(DATA BELOW Opens)
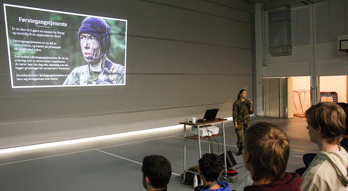 Vg2-elevene fikk møte Forsvaret på skolen i dag.
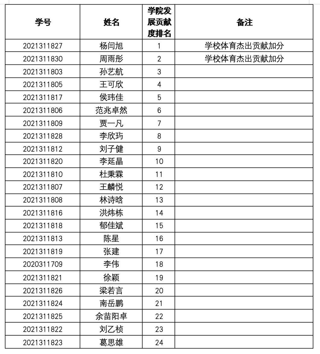 2、公司杰出贡献推免名额(2个),在全院范围内根据员工在校期间为公司发展建设的贡献度进行排序,不区分班级。综合排名得分计算公式如下:
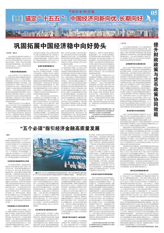 2025年中央经济工作会议在新的实践基础上概括提炼出的“五个必须”——必须充分挖掘经济潜能、必须坚持政策支持和改革创新并举、必须做到既“放得活”又“管得好”、必须坚持投资于物和投资于人紧密结合、必须以苦练内功来应对外部挑战,成为我们做好当前和今后一个时期经济工作的重要遵循。立足新征程,我们需要以“五个必须”为重要遵循,统筹推进经济和金融高质量发展,不断增强金融服务实体经济能力。
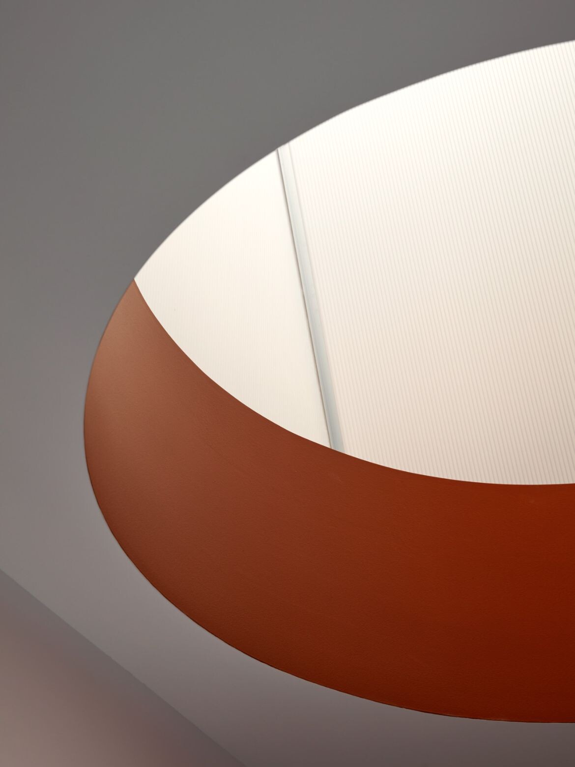 The circle motif adds an organic flow, which sits in opposition to the rationalist approach to the mezzanine. Yet it works because the upper level recedes into the vastness of the whole and is intended to be read in this manner, which Walker confirms: “The main floor is very open and flexible, but upstairs is quite orderly.”
(DATA BELOW Closes)
● **EXERCISE REQUIREMENTS**
Except for the pictures, give the data again word for word.

● **EXERCISE RESPONSE**
 Vg2-elevene fikk møte Forsvaret på skolen i dag.
 2、公司杰出贡献推免名额(2个),在全院范围内根据员工在校期间为公司发展建设的贡献度进行排序,不区分班级。综合排名得分计算公式如下:
 2025年中央经济工作会议在新的实践基础上概括提炼出的“五个必须”——必须充分挖掘经济潜能、必须坚持政策支持和改革创新并举、必须做到既“放得活”又“管得好”、必须坚持投资于物和投资于人紧密结合、必须以苦练内功来应对外部挑战,成为我们做好当前和今后一个时期经济工作的重要遵循。立足新征程,我们需要以“五个必须”为重要遵循,统筹推进经济和金融高质量发展,不断增强金融服务实体经济能力。
 The circle motif adds an organic flow, which sits in opposition to the rationalist approach to the mezzanine. Yet it works because the upper level recedes into the vastness of the whole and is intended to be read in this manner, which Walker confirms: “The main floor is very open and flexible, but upstairs is quite orderly.”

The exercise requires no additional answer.